Data excerpt Block Start

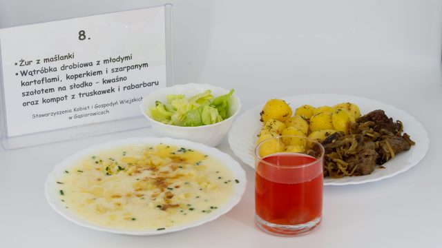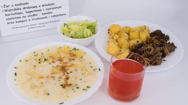 Stowarzyszenie Kobiet i Gospodyń Wiejskich w Gąsiorowicach za żur z maślanki, wątróbkę drobiową z młodymi kartoflami, koperkiem i szarpanym szałotem na słodko – kwaśno oraz kompot z truskawek i rabarbaru,
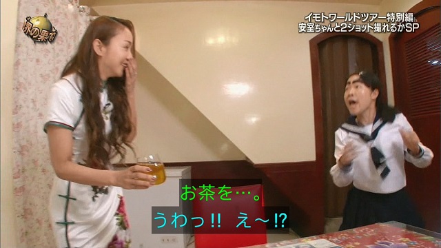コンサートを堪能した翌日にイモトアヤコさんは苦手なヘビ料理をリポートしているところに、安室奈美恵さんが「ドッキリの仕掛人」として登場。イモトアヤコさんは安室奈美恵さんを前に「すごくすごく大好きです」と号泣し、約30分にわたる夢の対談を行い、安室奈美恵さんもイモトアヤコさんの「安室愛」に感動し涙を流しています。最後には安室奈美恵さんと無事2ショット写真を撮り、安室奈美恵さんの展示会に掲示されることも決定しています。
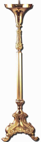 Messingleuchter mit grieftem Rohr, poliert, Tellerdurchmesser: 24 cm. Diesen Leuchter gibt es in unterschiedlichen Höhen. Bitte wählen Sie aus! Bitte beachten Sie auch, dass die bei einer etwaigen Bestellung ausgewiesenen Versandkosten unrichtig sind, da diese Leuchter wegen der Länge als Sperrgut gewertet werden und daher gesonderten Versandkosten unterliegen. Auf Wunsch kann ich Ihnen diese gerne im Vorhinein berechnen.

Data excerpt Block End

Instructions for the task — Retype the listing exactly. Pictures do not belong in the copy.

Response area —
 Stowarzyszenie Kobiet i Gospodyń Wiejskich w Gąsiorowicach za żur z maślanki, wątróbkę drobiową z młodymi kartoflami, koperkiem i szarpanym szałotem na słodko – kwaśno oraz kompot z truskawek i rabarbaru,
コンサートを堪能した翌日にイモトアヤコさんは苦手なヘビ料理をリポートしているところに、安室奈美恵さんが「ドッキリの仕掛人」として登場。イモトアヤコさんは安室奈美恵さんを前に「すごくすごく大好きです」と号泣し、約30分にわたる夢の対談を行い、安室奈美恵さんもイモトアヤコさんの「安室愛」に感動し涙を流しています。最後には安室奈美恵さんと無事2ショット写真を撮り、安室奈美恵さんの展示会に掲示されることも決定しています。
 Messingleuchter mit grieftem Rohr, poliert, Tellerdurchmesser: 24 cm. Diesen Leuchter gibt es in unterschiedlichen Höhen. Bitte wählen Sie aus! Bitte beachten Sie auch, dass die bei einer etwaigen Bestellung ausgewiesenen Versandkosten unrichtig sind, da diese Leuchter wegen der Länge als Sperrgut gewertet werden und daher gesonderten Versandkosten unterliegen. Auf Wunsch kann ich Ihnen diese gerne im Vorhinein berechnen.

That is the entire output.